>>>

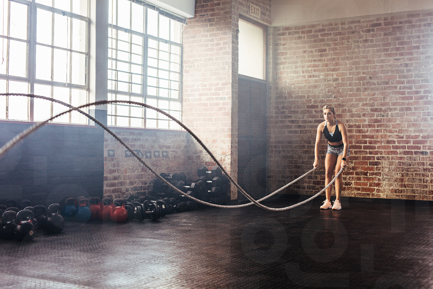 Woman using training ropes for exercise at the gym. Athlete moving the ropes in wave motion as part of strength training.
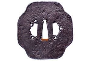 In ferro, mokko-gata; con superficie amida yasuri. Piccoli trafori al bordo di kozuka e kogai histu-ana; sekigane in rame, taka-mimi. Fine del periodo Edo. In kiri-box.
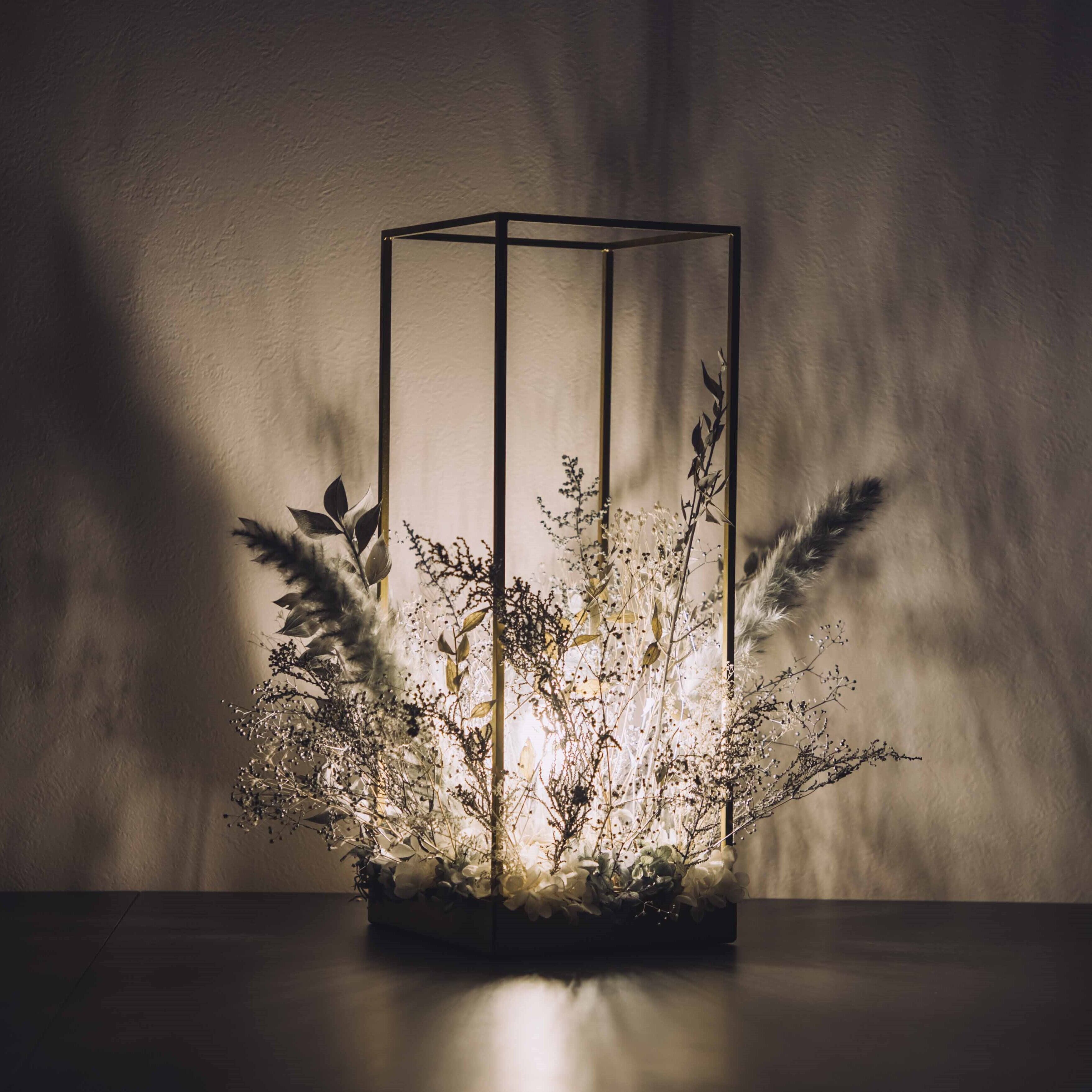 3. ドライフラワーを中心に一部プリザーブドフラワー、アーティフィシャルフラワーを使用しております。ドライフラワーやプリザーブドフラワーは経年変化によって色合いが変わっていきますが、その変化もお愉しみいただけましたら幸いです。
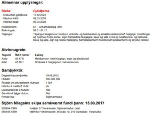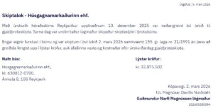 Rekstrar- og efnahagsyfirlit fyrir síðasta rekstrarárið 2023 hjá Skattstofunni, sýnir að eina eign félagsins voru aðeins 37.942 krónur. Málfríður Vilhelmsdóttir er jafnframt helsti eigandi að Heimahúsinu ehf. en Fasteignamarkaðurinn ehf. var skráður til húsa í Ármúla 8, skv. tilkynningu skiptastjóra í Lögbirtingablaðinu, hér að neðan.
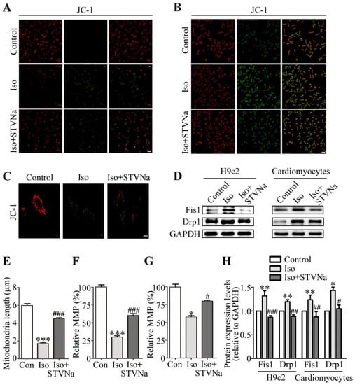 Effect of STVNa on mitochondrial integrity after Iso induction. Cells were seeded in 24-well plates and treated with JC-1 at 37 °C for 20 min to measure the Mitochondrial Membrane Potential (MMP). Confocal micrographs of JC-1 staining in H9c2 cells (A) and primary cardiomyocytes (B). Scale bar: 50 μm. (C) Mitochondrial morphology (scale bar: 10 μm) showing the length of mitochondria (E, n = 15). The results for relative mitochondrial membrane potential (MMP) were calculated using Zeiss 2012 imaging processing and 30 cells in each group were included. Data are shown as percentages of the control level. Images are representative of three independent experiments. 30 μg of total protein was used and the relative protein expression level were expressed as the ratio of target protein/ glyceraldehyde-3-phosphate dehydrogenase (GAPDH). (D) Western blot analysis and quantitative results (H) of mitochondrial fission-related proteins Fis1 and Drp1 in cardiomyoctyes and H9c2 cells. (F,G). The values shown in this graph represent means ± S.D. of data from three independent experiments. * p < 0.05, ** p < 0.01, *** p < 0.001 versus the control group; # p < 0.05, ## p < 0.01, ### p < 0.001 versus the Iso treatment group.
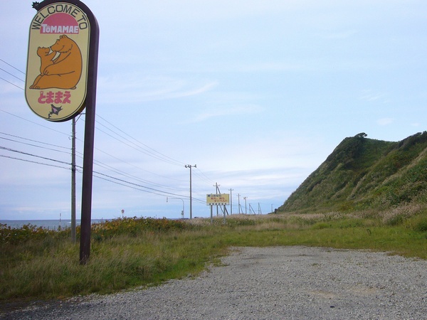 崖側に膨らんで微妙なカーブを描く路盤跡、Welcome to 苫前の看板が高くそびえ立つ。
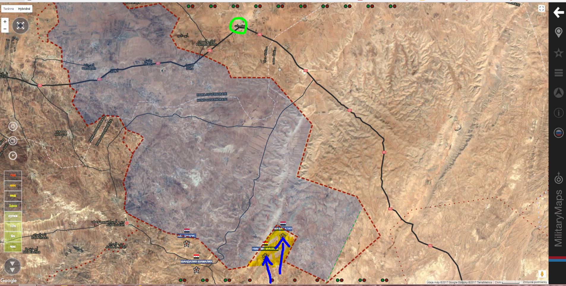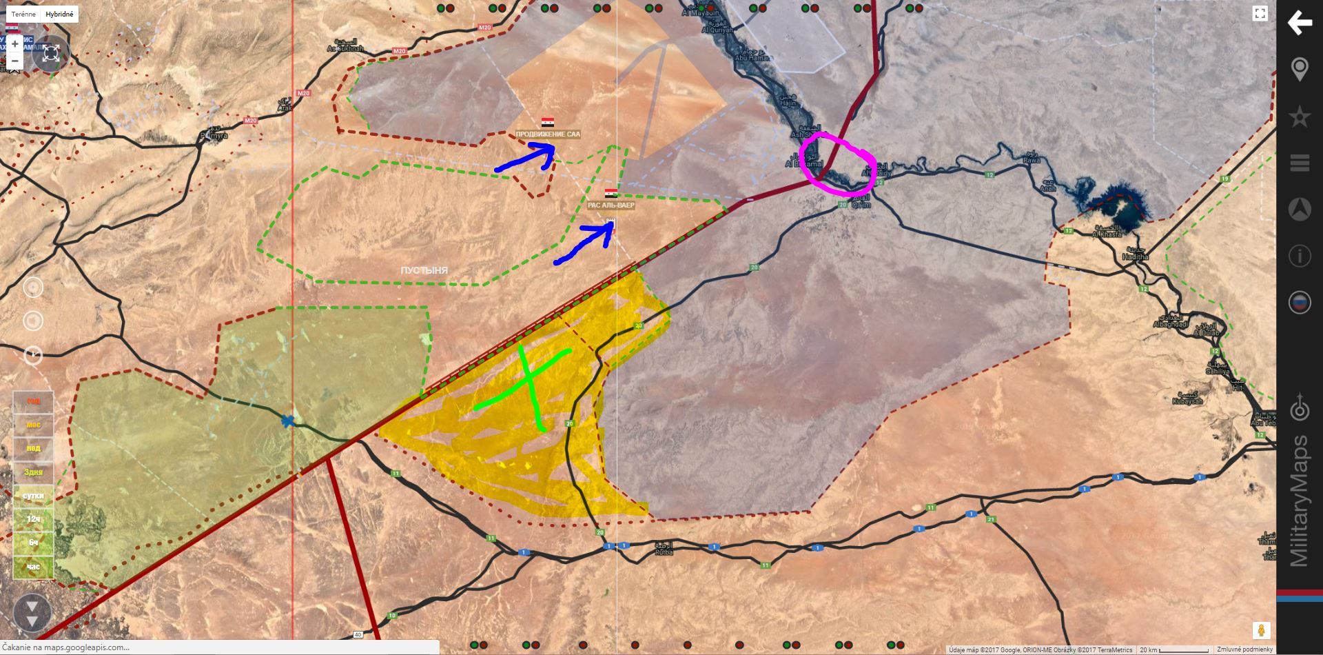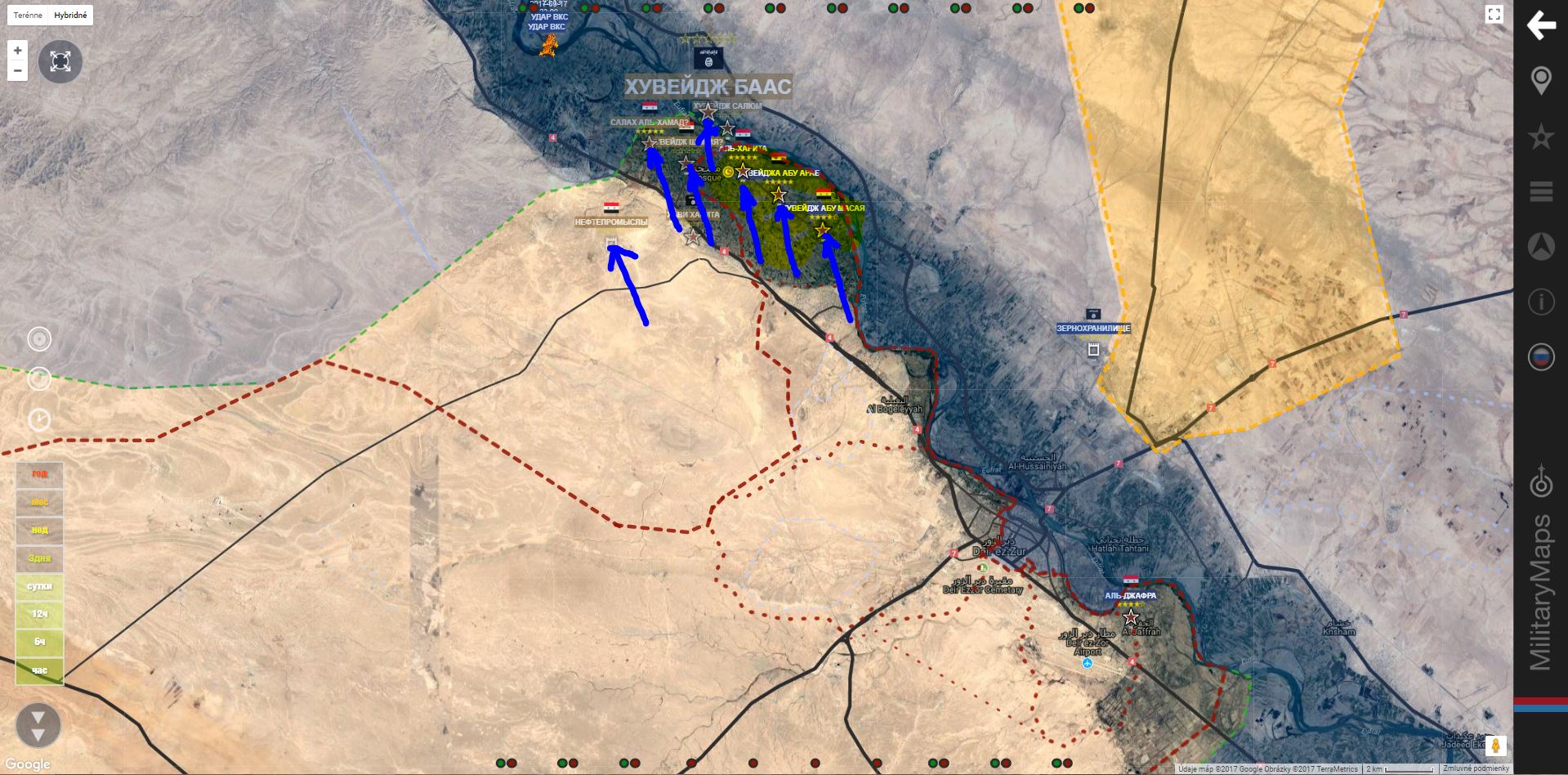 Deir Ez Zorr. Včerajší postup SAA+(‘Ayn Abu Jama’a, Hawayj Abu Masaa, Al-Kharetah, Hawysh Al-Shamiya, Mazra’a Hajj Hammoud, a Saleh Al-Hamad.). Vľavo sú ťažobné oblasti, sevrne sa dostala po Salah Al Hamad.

<<<

Transcribe every entry word for word, but skip the pictures.

 Woman using training ropes for exercise at the gym. Athlete moving the ropes in wave motion as part of strength training.
 In ferro, mokko-gata; con superficie amida yasuri. Piccoli trafori al bordo di kozuka e kogai histu-ana; sekigane in rame, taka-mimi. Fine del periodo Edo. In kiri-box.
 3. ドライフラワーを中心に一部プリザーブドフラワー、アーティフィシャルフラワーを使用しております。ドライフラワーやプリザーブドフラワーは経年変化によって色合いが変わっていきますが、その変化もお愉しみいただけましたら幸いです。
 Rekstrar- og efnahagsyfirlit fyrir síðasta rekstrarárið 2023 hjá Skattstofunni, sýnir að eina eign félagsins voru aðeins 37.942 krónur. Málfríður Vilhelmsdóttir er jafnframt helsti eigandi að Heimahúsinu ehf. en Fasteignamarkaðurinn ehf. var skráður til húsa í Ármúla 8, skv. tilkynningu skiptastjóra í Lögbirtingablaðinu, hér að neðan.
 Effect of STVNa on mitochondrial integrity after Iso induction. Cells were seeded in 24-well plates and treated with JC-1 at 37 °C for 20 min to measure the Mitochondrial Membrane Potential (MMP). Confocal micrographs of JC-1 staining in H9c2 cells (A) and primary cardiomyocytes (B). Scale bar: 50 μm. (C) Mitochondrial morphology (scale bar: 10 μm) showing the length of mitochondria (E, n = 15). The results for relative mitochondrial membrane potential (MMP) were calculated using Zeiss 2012 imaging processing and 30 cells in each group were included. Data are shown as percentages of the control level. Images are representative of three independent experiments. 30 μg of total protein was used and the relative protein expression level were expressed as the ratio of target protein/ glyceraldehyde-3-phosphate dehydrogenase (GAPDH). (D) Western blot analysis and quantitative results (H) of mitochondrial fission-related proteins Fis1 and Drp1 in cardiomyoctyes and H9c2 cells. (F,G). The values shown in this graph represent means ± S.D. of data from three independent experiments. * p < 0.05, ** p < 0.01, *** p < 0.001 versus the control group; # p < 0.05, ## p < 0.01, ### p < 0.001 versus the Iso treatment group.
 崖側に膨らんで微妙なカーブを描く路盤跡、Welcome to 苫前の看板が高くそびえ立つ。
 Deir Ez Zorr. Včerajší postup SAA+(‘Ayn Abu Jama’a, Hawayj Abu Masaa, Al-Kharetah, Hawysh Al-Shamiya, Mazra’a Hajj Hammoud, a Saleh Al-Hamad.). Vľavo sú ťažobné oblasti, sevrne sa dostala po Salah Al Hamad.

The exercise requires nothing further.